The Boundary for Work-related Injury and Non-work-related Injury
Mr. Chen is the salesman at company Shadow (“Shadow”). One day, Mr. Lee whom was the client of Shadow invited Mr. Chen to play cards. A few hours later, Mr. Chen lost 20,000Yuan in gambling, and Mr. Chen promised to pay the money within 1 month. 1 month later, Mr. Lee asked for payment for several times, but Mr. Chen refused to pay. Mr. Lee went to Shadow to negotiate, however, both parties could not make an agreement and ended fighting with each other, Mr. Chen was injured, and his colleague Mr. Wong who tried to mediate was injured too. Later, both of them applied to be identified as work-related injury, but ultimately only Mr.

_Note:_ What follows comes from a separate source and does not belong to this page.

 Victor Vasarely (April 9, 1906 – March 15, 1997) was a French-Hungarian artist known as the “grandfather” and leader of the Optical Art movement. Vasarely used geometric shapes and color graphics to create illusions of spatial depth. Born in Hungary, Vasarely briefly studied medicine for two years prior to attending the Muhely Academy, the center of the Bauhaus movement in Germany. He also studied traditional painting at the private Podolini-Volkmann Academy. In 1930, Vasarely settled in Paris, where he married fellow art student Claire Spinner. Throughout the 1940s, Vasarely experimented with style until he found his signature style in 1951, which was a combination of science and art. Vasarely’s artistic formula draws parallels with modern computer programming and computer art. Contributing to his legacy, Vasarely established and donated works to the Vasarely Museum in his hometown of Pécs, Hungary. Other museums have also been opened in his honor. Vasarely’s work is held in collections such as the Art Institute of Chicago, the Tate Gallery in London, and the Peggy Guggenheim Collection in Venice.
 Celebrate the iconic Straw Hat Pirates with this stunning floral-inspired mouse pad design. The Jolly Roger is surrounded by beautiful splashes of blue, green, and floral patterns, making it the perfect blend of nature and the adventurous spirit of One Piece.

Wong’s injury was identified as work-related one. What makes the difference?
“Regulation on Work-Related Injury Insurances” Article 14, 15 and 16 have stipulated the occasions for work-related injury, being deemed as work-related injury, and non-work-related injury, but these articles cannot list all the details of such occasions hereinabove. In practice, in order to identify work-related injury correctly, we have to analyze case by case for special occasions.

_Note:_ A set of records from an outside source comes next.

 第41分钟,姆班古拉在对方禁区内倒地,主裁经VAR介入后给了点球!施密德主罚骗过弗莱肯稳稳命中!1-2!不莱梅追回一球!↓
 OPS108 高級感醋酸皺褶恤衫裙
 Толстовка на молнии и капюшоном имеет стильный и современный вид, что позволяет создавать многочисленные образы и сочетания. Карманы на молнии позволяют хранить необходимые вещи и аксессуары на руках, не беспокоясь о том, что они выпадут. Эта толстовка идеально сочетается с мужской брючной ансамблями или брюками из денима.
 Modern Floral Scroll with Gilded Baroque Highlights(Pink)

In this case, Mr. Chen insists that he gets injured in an accident at work during working hours in the workplace, which has been stipulated in Article 14. The occasion under Article 14 requires 4 items, namely the “working hours”, “workplace”, “work reasons” and “accident”, and “work reasons” is the key factor. For “work reasons” related to injuries can be divided into two categories: 1)the direct reason, which means the employee is injured in the work due to the work of labor engaged in; 2) the indirect reason, which means the employee is injured because of the unavoidable, and work inextricably linked, mandatory, eligible physiological needs. In judicial practice, the principle of presumption of “work reasons” is always applied. This principle refers to the occasion that an employee is hurt during working hours, in workplace, if there is no evidence to prove that the employee is hurt due to non-work reasons, the injury the employee suffers from is attributable to the work.

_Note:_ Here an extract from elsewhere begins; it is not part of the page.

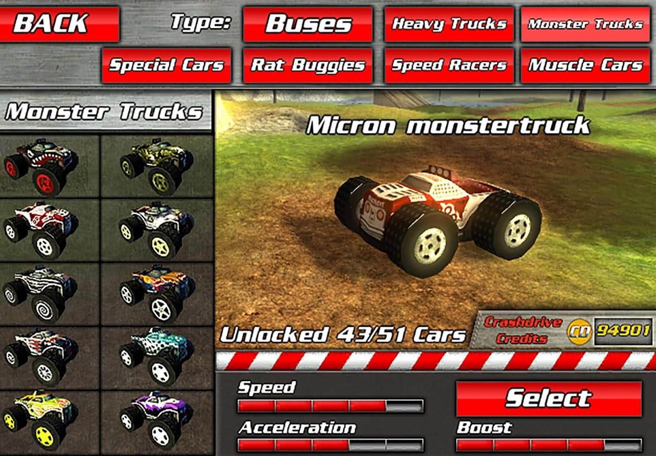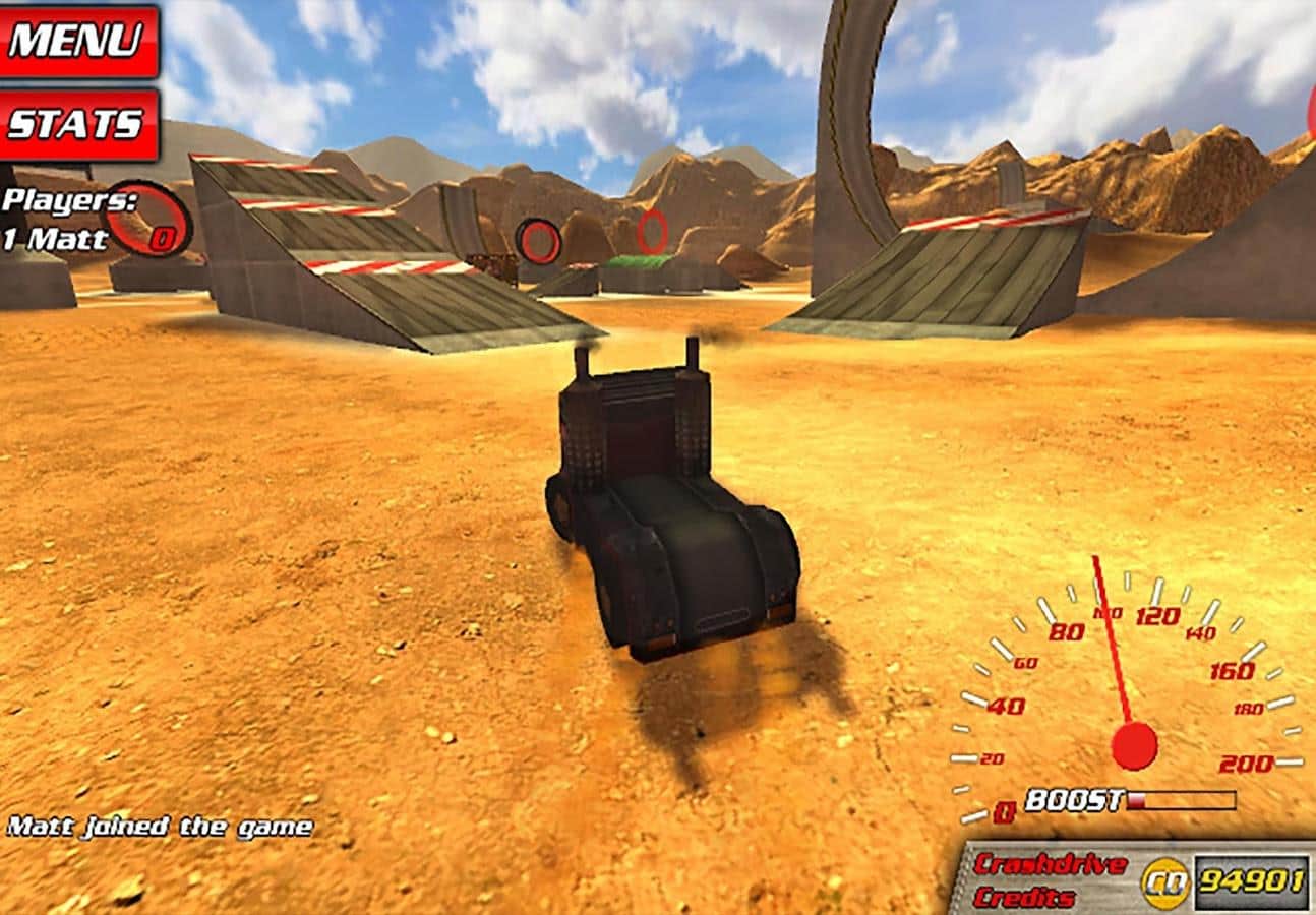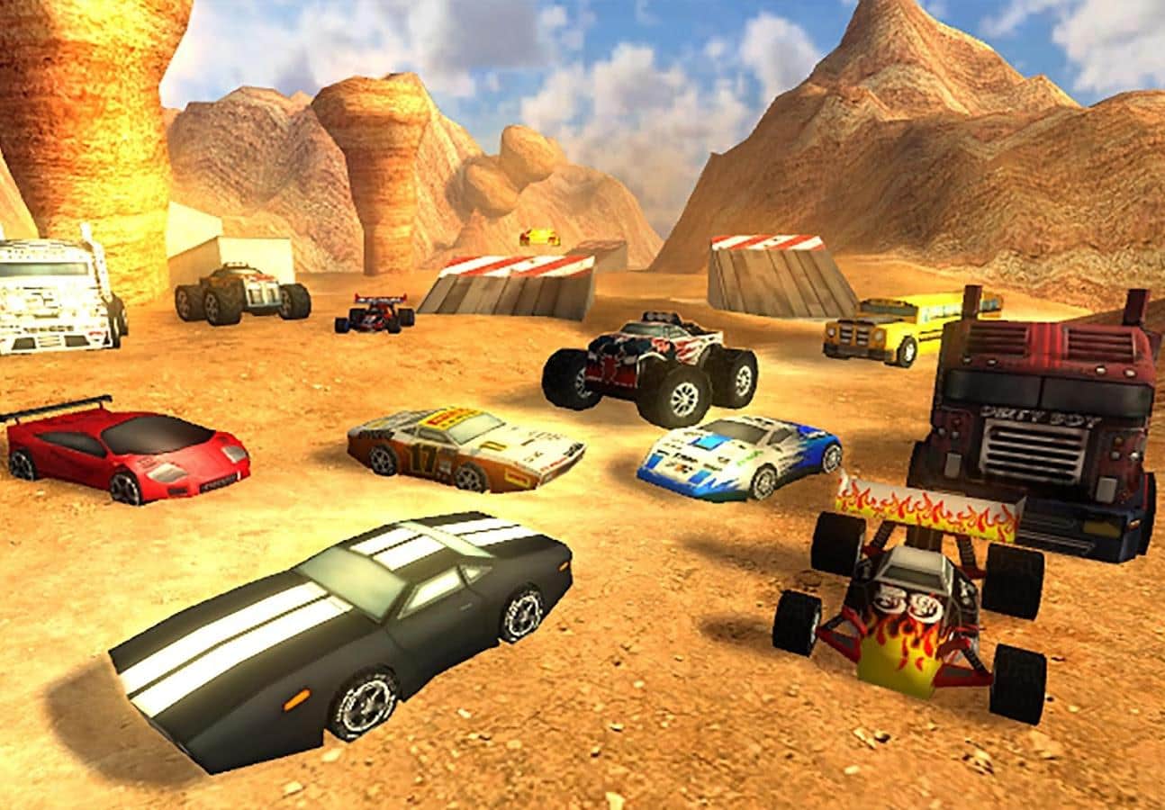 así que, tendrás que realizar varias tareas, por las cuales obtienes dinero y puedes comprar nuevos autos: autobuses, camiones con ruedas enormes, autos musculosos (solo alrededor de dos docenas de diferentes autos). Recoge monedas, pasa una especie de ruta de puntos de control, realiza saltos vertiginosos en trampolines, supera ascensos peligrosos y descensos pronunciados, en general, disfruta de tu libertad.

In this case, Mr. Chen insists that he gets injury due to the debt related to the client. However, on the one hand, Mr. Chen played cards with client maybe deemed as gambling, which is an illegal action rather than the proper work needs, and it is unable to meet the criteria of direct or indirect “work reasons”; on the other hand, from the view of Shadow’s management, no matter if this is prohibited in the rules and regulations of the company, “playing cards” shall not be identified as the proper business behavior, it may violate the rules and regulations of the company, and the company may have the right to apply punishment on such action. Therefore, Mr. Chen’s injury shall not be identified as work-related injury. As for Mr. Wong, although he is not required to mediate the fight, he tried to reduce the risk of personal and property safety in the workplace, and his injury should be identified as work-related injury.